Our results also highlight the potentially adverse consequences that may occur when ending hormone manipulations in wild animals. When sampled less than a day after the end of cortisol treatment, squirrels did not respond to handling stress or ACTH injection, and appeared to have impaired adrenal function and lower CBG concentrations. Data collected from cortisol treated squirrels the day after consuming their last treatment showed that plasma cortisol was very low compared to control squirrels, suggesting exogenous GCs have been excreted but endogenous GCs were being produced at a lower rate than in control animals. However, plasma cortisol did increase with handling stress, suggesting some recovery of adrenal function within 24 hrs of stopping the treatments. Our results suggest that the adrenal gland may need time to recover from treatment, and endogenous cortisol production may not return to pre-treatment levels for several days.

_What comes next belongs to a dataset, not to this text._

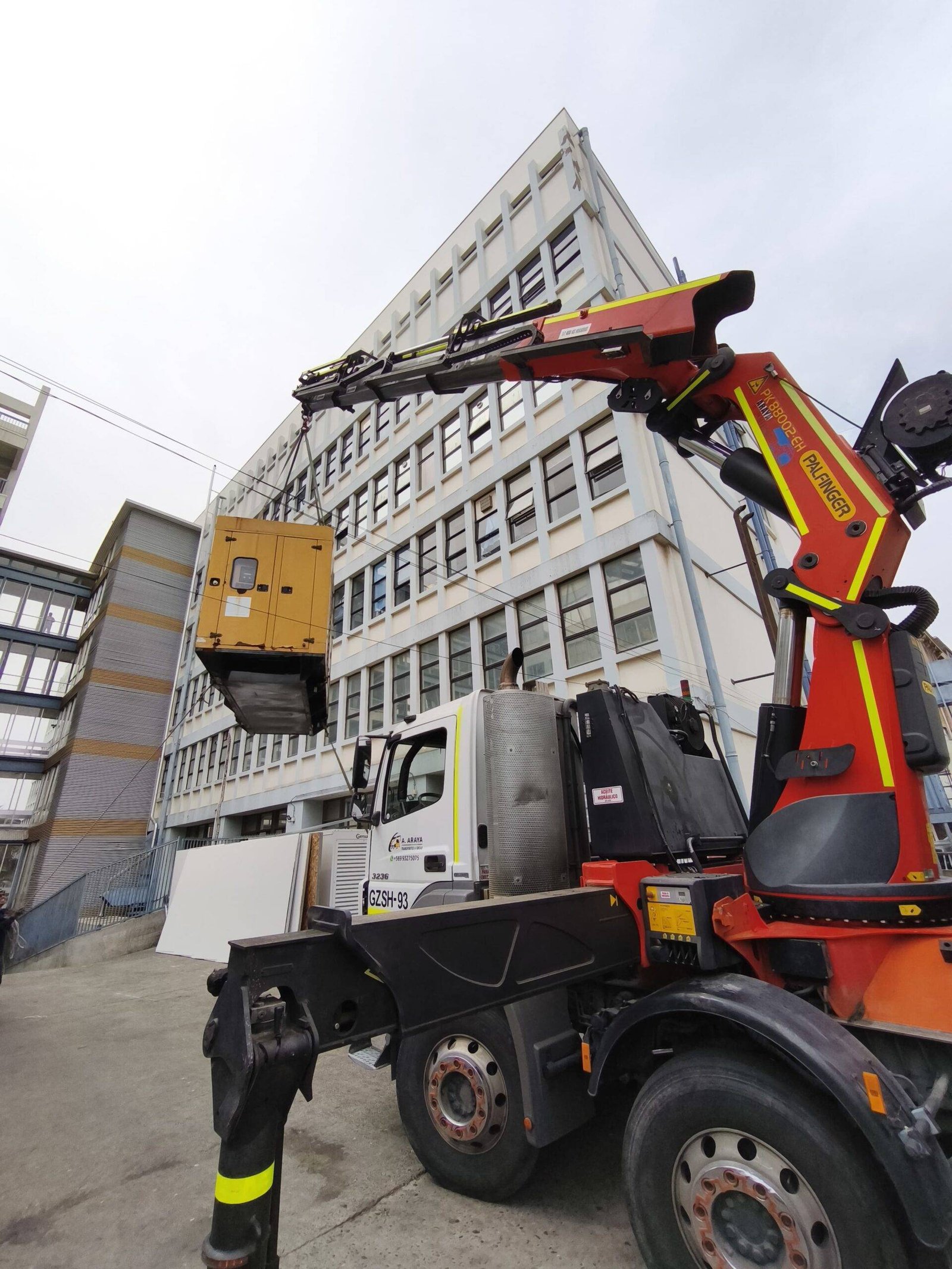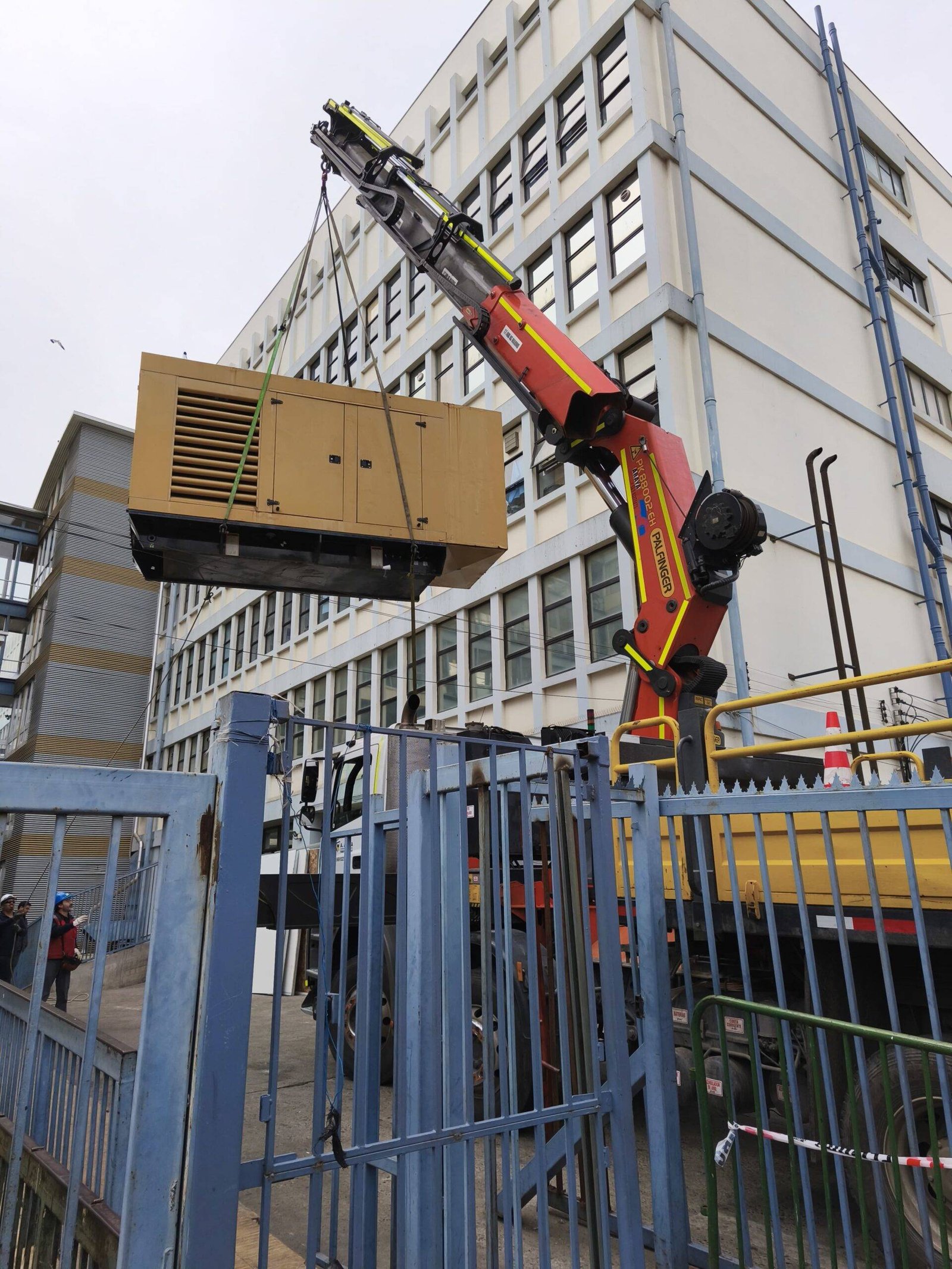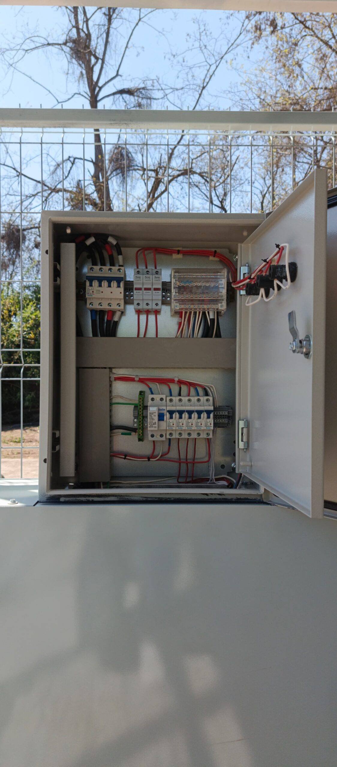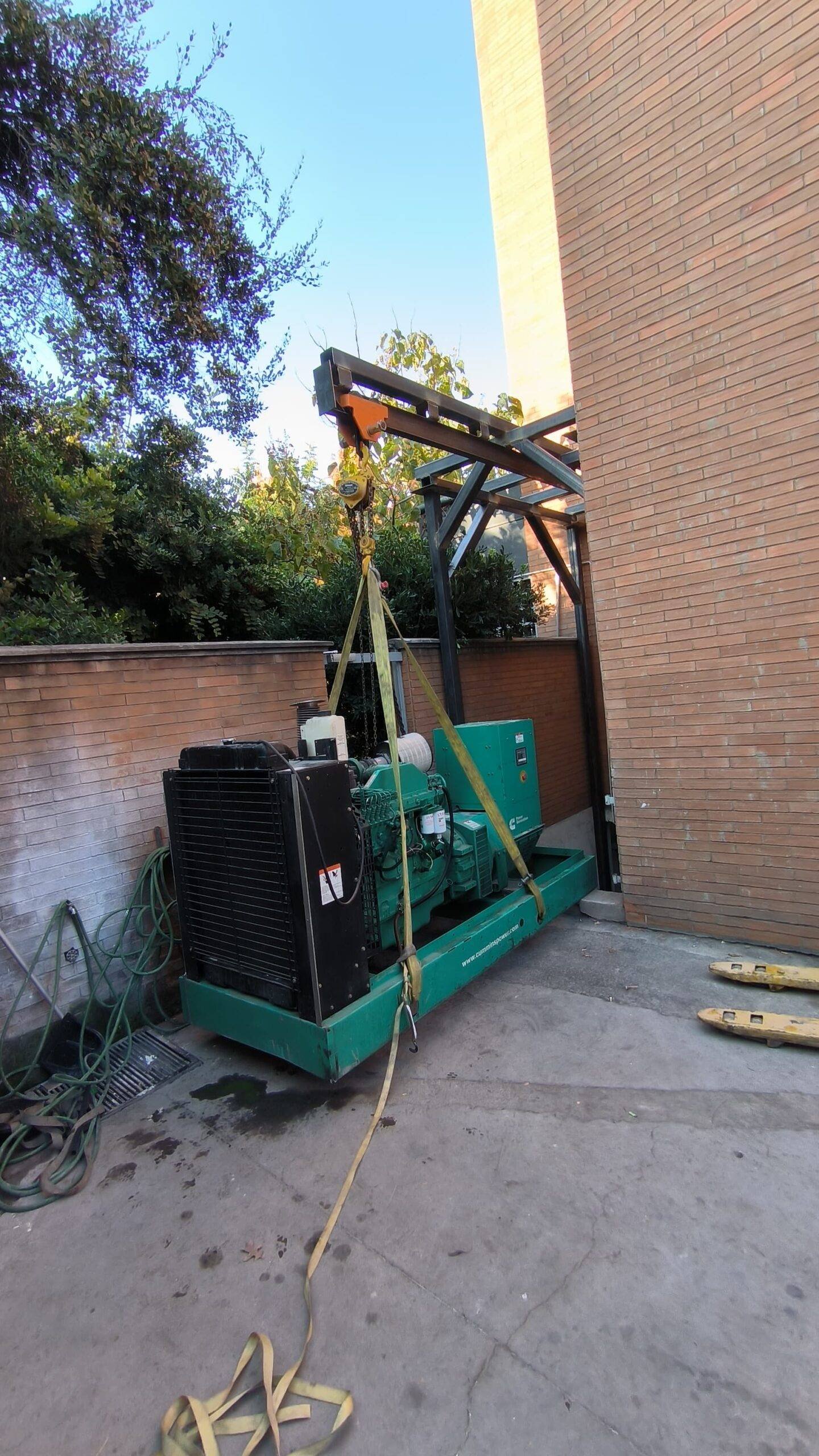 Montaje de grupo electrógeno con cierre perimetral, losa de hormigón y cambio de empalme. Incluye fabricación de tableros y corrección de factor de potencia mediante banco de condensadores.

Hormone manipulations can provide powerful tools to study relationships between hormones and life history traits, and in recent years methods have been developed to achieve this (Sopinka et al., 2015). Many studies aim to experimentally elevate GCs to test the “cort-fitness hypothesis”, which proposes that elevations in baseline GCs decreases survival or reproduction (Bonier et al., 2009), or to document the effects of elevated GCs on behavior or life history traits (Crossin et al., 2016). We show that elevation of plasma cortisol concentrations within the physiological range for 1-2 weeks had profound effects on measures of HPA axis reactivity and CBG concentrations. This is similar to the results of Torres-Medina et al. (2018) that showed that treatment with corticosterone implants can also cause reduced corticosterone levels in response to capture and handling. However, our study took the result from Torres-Medina et al. (2018) one step further as we showed how treatment with exogenous GCs suppresses CBG concentrations and we also investigated the possibility of fitness consequences of reduced HPA axis reactivity. Despite these observed shifts in the functionality of the neuroendocrine stress axis and the sustained elevations in GCs, we found no change in body mass or offspring and adult survival. This indicates that some species can tolerate bouts of increased GCs and rapid reorganization of the stress axis without negatively impacting survival and reproduction.